This was the approach at first: you must appropriate–for artistic purposes–technology that happens to be available. On the other hand you must always work against the limitations and format guidelines imposed by the equipment. So if video signals can be recorded on audiotape, as was possible for example with the Fischer Price toy camera Sadie Benning used for her first video works, this is not an anti-electronic attitude, but a genuine media-artistic approach. In fact Nam June Paik had similarly tried a whole variety of apparatus constellations beyond mere disturbance of a given device, in this case the television image, in the «Exposition of Music–Electronic Television» in 1963. To this extent, one frequently asked question–and this was the case even before the video camera and the video recorder were invented–is always directed at the artists and their specific relationship with the technology used, at craft art as opposed to concept art: can they use a camera or not?
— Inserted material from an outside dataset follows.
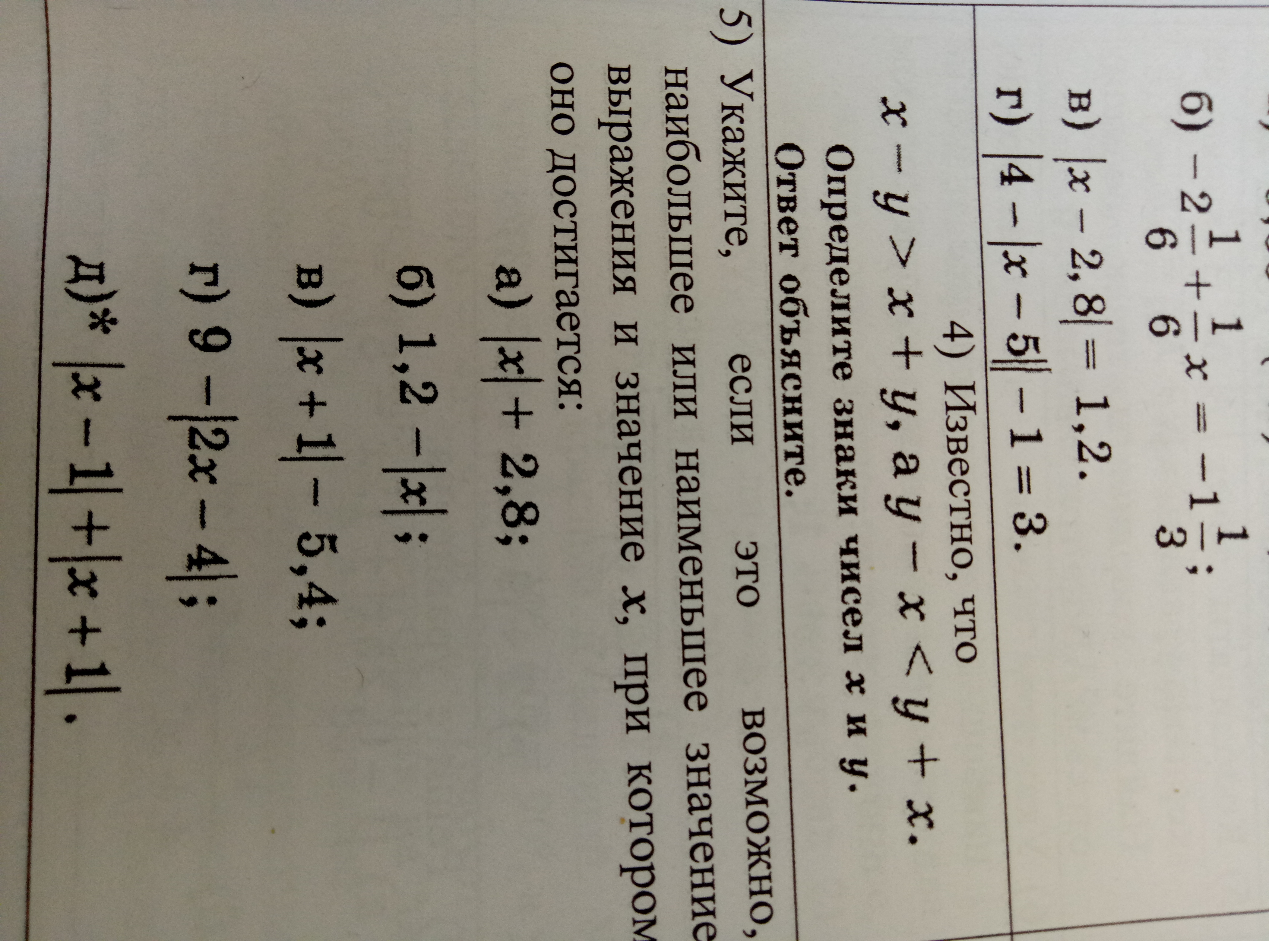 в) |х+1| - 5.4=[ - 4.4; +бесконечность], при х=0 достигается минимум=|0+1|-5.4= - 4.4, при х= + или - бесконечность достигается максимум=+бесконечность

Or in today's terms: can they program or do they get someone to do it for them? Artists like Zbigniew Rybczynski are vehement

 

exponents of the first approach, and others like Fabrizio Plessi are the complete opposite. This dualism runs through generation after generation of ‹artist models.› Behind this is a complex relationship with the question of autonomy and dependence, which motivates contemporary media art towards a practice that is autonomous but also collaborative, which on the other hand corresponds with the do-it-yourself approach of the amateur who gets hold of his software as open source on the Internet.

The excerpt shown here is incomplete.